Let me propose a simple example:
require(data.table)
y = c('a','b','c','d','e','f','g','h')
x = sample(2:10,8,replace = TRUE)
z = rep(y,x)
dt = as.data.table( z )
my objective is to subset data table dt by sampling one row for each letter a-h in column z.
回答1:
OP provided only a single column in the example. Assuming that there are multiple columns in the original dataset, we group by 'z', sample 1 row from the sequence of rows per group, get the row index (.I), extract the column with the row index ($V1) and use that to subset the rows of 'dt'.
dt[dt[ , .I[sample(.N,1)] , by = z]$V1]
回答2:
You can use dplyr
library(dplyr)
dt %>%
group_by(z) %%
sample_n(1)
回答3:
I think that shuffling the data.table row-wise and then applying unique(...,by) could also work. Groups are formed with by and the previous shuffling trickles down inside each group:
# shuffle the data.table row-wise
dt <- dt[sample(dim(dt)[1])]
# uniqueness by given column(s)
unique(dt, by = "z")
Below is an example on a bigger data.table with grouping by 3 columns.
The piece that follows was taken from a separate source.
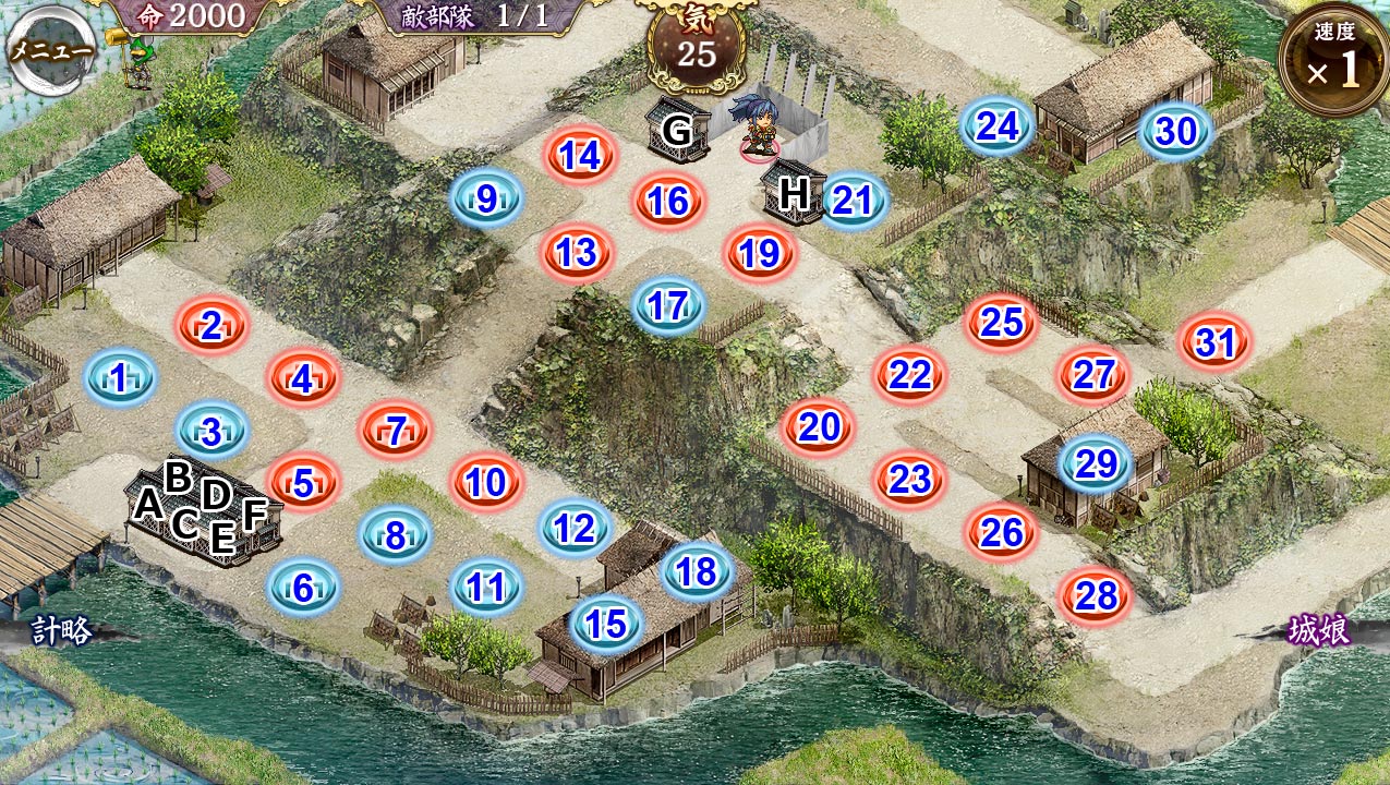 19槍、30鉄砲、21大砲、3鈴、8弓、6弓、17弓、24歌舞。右側は歌舞だけ先に巨大化して後は左に置いた3匹を優先させていったら全蔵&殿無傷で行けた。 --

Comparing with @akrun ' solution seems to give the same grouping:
set.seed(2017)
dt <- data.table(c1 = sample(52*10^6),
c2 = sample(LETTERS, replace = TRUE),
c3 = sample(10^5, replace = TRUE),
c4 = sample(10^3, replace = TRUE))
# the shuffling & uniqueness
system.time( test1 <- unique(dt[sample(dim(dt)[1])], by = c("c2","c3","c4")) )
# user system elapsed
# 13.87 0.49 14.33
# @akrun' solution
system.time( test2 <- dt[dt[ , .I[sample(.N,1)] , by = c("c2","c3","c4")]$V1] )
# user system elapsed
# 11.89 0.10 12.01
# Grouping is identical (so, all groups are being sampled in both cases)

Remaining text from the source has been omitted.